Old Zeek

Here in the Kentucky hills, you don’t see too many people hang-gliding. Ol’
Zeek decided to save up and get a hang-glider. He takes it to the highest
mountain, and after struggling to the top, he gets ready to take flight. He
takes off running and reaches the edge and into the wind he goes!
Meanwhile, Maw & Paw Abner were sitting on the porch swing, talking bout the
good old days when maw spots the biggest bird she has ever seen!
Look at the size of that bird, Paw! she exclaims.
Paw raises up, Get my gun, Maw.
Maw runs into the house, brings out his pump action shotgun. He takes careful
aim. BANG…BANG…..BANG…..BANG! The monster size bird continues to sail
silently over the treetops.
I think ya missed him, Paw, she says.
Yeah, he replies, but at least he let go of old Zeek!

Power to the farmers!

This one big lawyer from the city decided to take time away from his busy day and went out to the farm and shot a duck.

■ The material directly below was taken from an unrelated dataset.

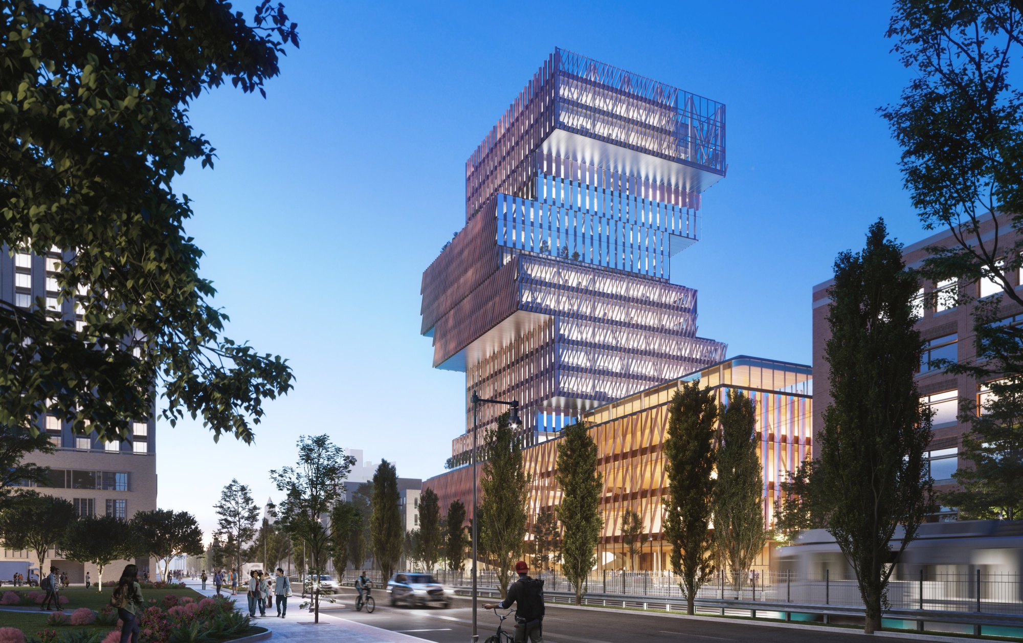 这不仅仅是一时的奇想,建筑公司KPMB的合伙人保罗·罗查说。“我们把它看作是一个垂直校园和一个邻里的堆叠,”他说,不同的部门和学院可以在不同的区域聚集和合作,每个区域都有自己的露台作为户外空间——这是疫情后的一个关键便利设施。“我们制定了一些指导原则,我们遵循这些原则是相当理性的,但对于观察者来说可能看起来非常自发。”

The farmer walks out Of his building upon hearing the shot and screams at the city guy – “HEY You Cant shoot that duck on my property. That duck belongs to me. Hand it over!”

The city guy says, ‘Hell no I shot him so I get to keep him!”
The farmer and the city boy decide to settle it country style (which is to kick each other in the nuts till the other one falls over”)

So the farmer goes first and slams the city boy a nice hard stiff kick. Upon receiving the kick, the city boy damn near colllapses from the pain.

The city boy regains his balance And studders “Its my turn”
The famer looks at him and says – “aw Hell, keep the damn duck!

Hunting N F**king

I pulled into a town I couldn’t believe still existed in the eighties. A dusty, dirt road, a little old wooden store that actually said “General Store”, and that was it. There was a little old man sitting in front of the store in a rocking chair… I said to him, “What do you folks do around here?”He said, “We don’t do nothin’ but hunt n’ fuck.”I said, “What do you hunt?”He said, “Somethin’to fuck.”

You Might be a Yankee if

This is a response to Jeff Foxwhatever’s “You might be a Redneck if …”

So….. You might be a Yankee if…

1) You think barbecue is a verb meaning “to cook outside.”

2) You think Heinz Ketchup is SPICY!

3) You don’t have any problems pronouncing “Worcestershire sauce” correctly.

4) For breakfast, you would prefer potatoes au gratin to grits.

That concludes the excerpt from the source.